Petitioner contends, inter alia, that respondent’s finding that he ordered unnecessary tests is inconsistent with the factual record. We disagree. The record contains the testimony of two medical experts who opined that certain tests ordered by petitioner for different patients were not medically indicated. He further asserts that the claimed inadequacies in the medical records relating to his treatment of patients A and B do not support respondent’s determination that he practiced with negligence on more than one occasion. Again, we disagree. There was evidence adduced that petitioner did not properly record medical information relevant to the treatment of certain health problems experienced by patients A and B. To the extent there was evidence to the contrary, this merely presented credibility questions for the administrative fact finder to resolve (see, Matter of Balmir v DeBuono, 237 AD2d 648, 649). Therefore, we conclude that respondent’s determinations have a rational basis supported in fact.
We further find no merit to petitioner’s assertion that respondent’s finding that he engaged in deceptive advertising is contrary to law.
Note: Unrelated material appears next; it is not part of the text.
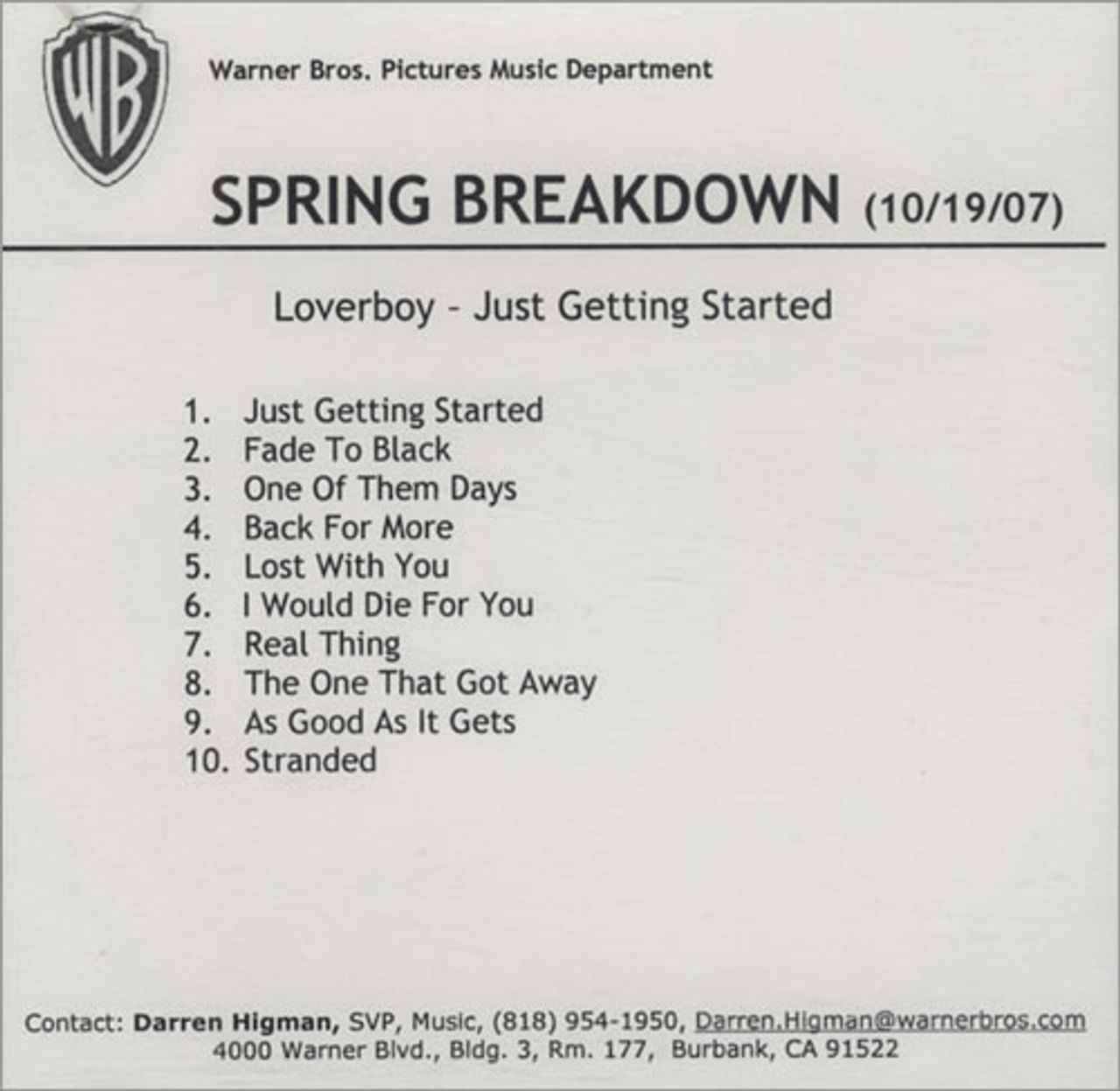 LOVERBOY Just Getting Started (Official 2007 US Warner label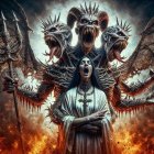 A fierce warrior queen stands at the forefront, adorned in intricate armor and a dramatic crown. Behind her, a massive dragon emerges amidst flames, while ethereal figures flank her.

Petitioner ran a newspaper advertisement in which he represented that he was “Subspecially trained in Allergy, Immunology and Rheumatology — Children and Adults”. It is undisputed that petitioner did not complete the training required to practice in such areas and did not have hospital privileges in those specialities. The advertisement was misleading insofar as it implied that petitioner has the expertise to practice in specialty areas which he, in fact, does not possess. Therefore, we cannot say that respondent’s finding that petitioner engaged in deceptive advertising lacked a rational basis in fact.
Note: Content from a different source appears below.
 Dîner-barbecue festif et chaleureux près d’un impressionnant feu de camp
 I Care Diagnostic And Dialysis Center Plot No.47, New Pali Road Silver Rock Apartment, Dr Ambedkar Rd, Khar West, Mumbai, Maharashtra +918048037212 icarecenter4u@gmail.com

Lastly, we reject petitioner’s claim that the penalty was *697excessive. Respondent modified the penalty imposed by the Committee by requiring petitioner to complete 50 hours of continuing medical education during each year of his two-year probation rather than 100 hours during the one-year period of suspension. Furthermore, the fine was reduced to $2,500. We do not find the penalty disproportionate to the offense and decline to disturb it (see, Matter of Larkins v DeBuono, 257 AD2d 714, 715, supra; Matter of Lawrence v DeBuono, 251 AD2d 700, 702-703). We have considered petitioner’s remaining arguments and find them unavailing.
Crew III, Spain, Graffeo and Mugglin, JJ., concur. Adjudged that the determination is confirmed, without costs, and petition dismissed.